Dodd Bill Lacking the Confidence of the American People

by Matthew Glans on July 14, 2010

The big story of the week continues to be the pending vote on the Dodd-Frank financial reform bill. Democrats appear to have the sixty votes they need to pass the bill, but according to several recent polls, the country isn’t buying Congresses’ Wall Street fixes. Two recent Bloomberg polls have found that the majority of Americans have serious doubts about the government’s ability to address the problems of the current financial crisis, both at the industry and personal levels.

According to a Bloomberg National Poll done in July, around four out of five Americans have just a little or no confidence that the Dodd-Frank bill currently being considered in Congress will be able to prevent a future crisis.

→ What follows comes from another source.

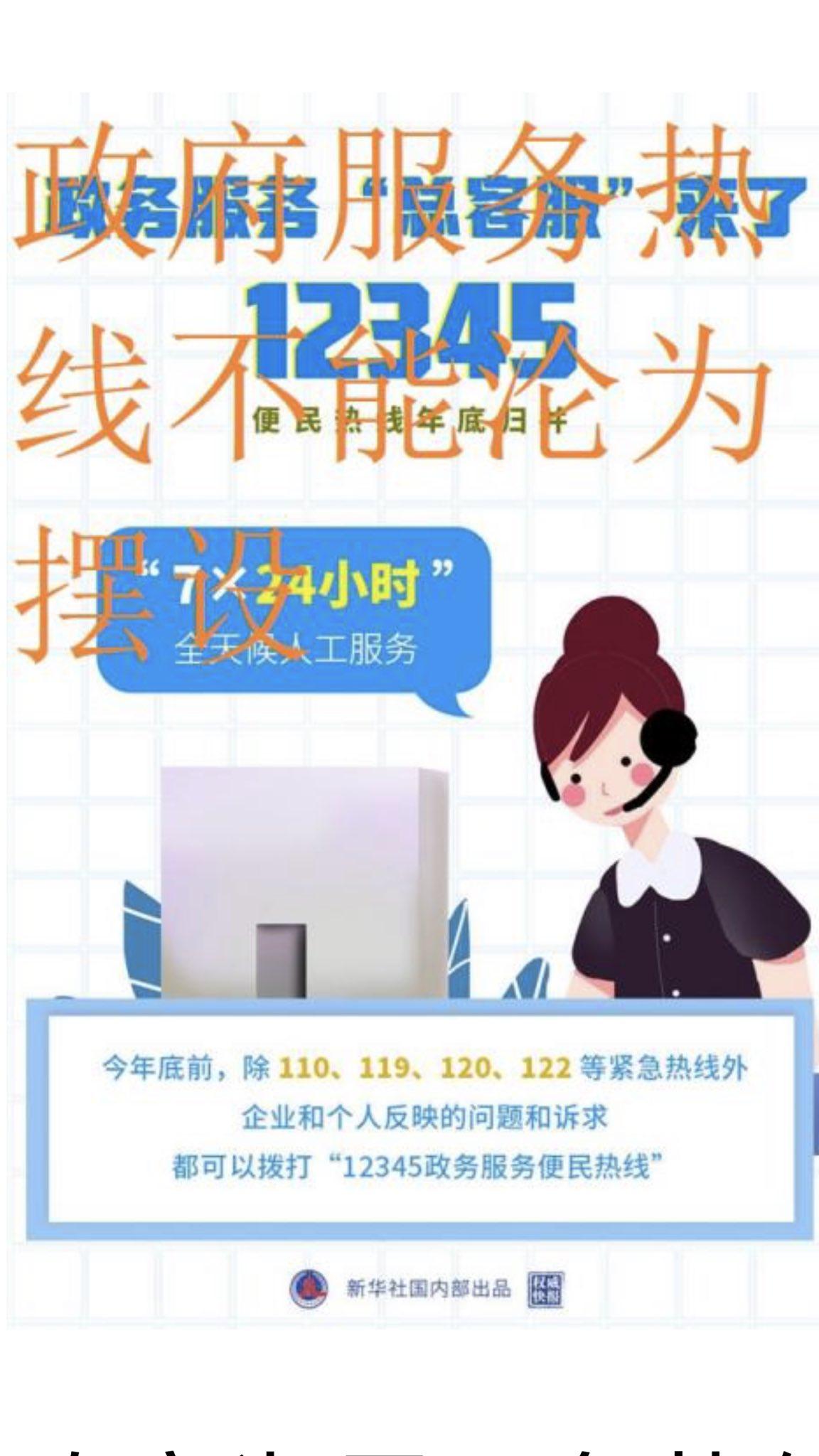 2021年1月6日,《国务院办公厅关于进一步优化地方政务服务便民热线的指导意见》印发。《意见》要求,加快推进除110、119、120、122等紧急热线外的政务服务便民热线归并,2021年年底前,各地区设立的以及国务院有关部门设立并在地方接听的政务服务便民热线实现一个号码服务,各地区归并后的热线统一为“12345政务服务便民热线”,提供“7×24小时”全天候人工服务。同时,优化流程和资源配置,实现热线受理与后台办理服务紧密衔接,确保企业和群众反映的问题和合理诉求及时得到处置和办理,使政务服务便民热线接得更快、分得更准、办得更实,打造政务服务“总客服”。

In addition, a majority of Americans surveyed believed the Dodd reforms would do little to help them on a personal level as well with more than three-quarters expressing little confidence that the proposal would make their savings and financial assets more secure.

Senate Democrats need to ask why Americans have not expressed confidence in the reforms being proposed. With 70% of Americans expressing extreme concern about the state of the economy, high spending and high unemployment, why are so many people skeptical of these reforms? Perhaps they doubt that government regulatory control over large sectors of the economy is not the silver bullet some legislators believe it is? After all, how competent can a entity who’s deficit will reach one trillion dollars this year be at managing the financial world?

As I mentioned in a previous blog, if the reforms under the Dodd-Frank bill have the constraining effect on credit that many predict, public opinion stands to only get worse.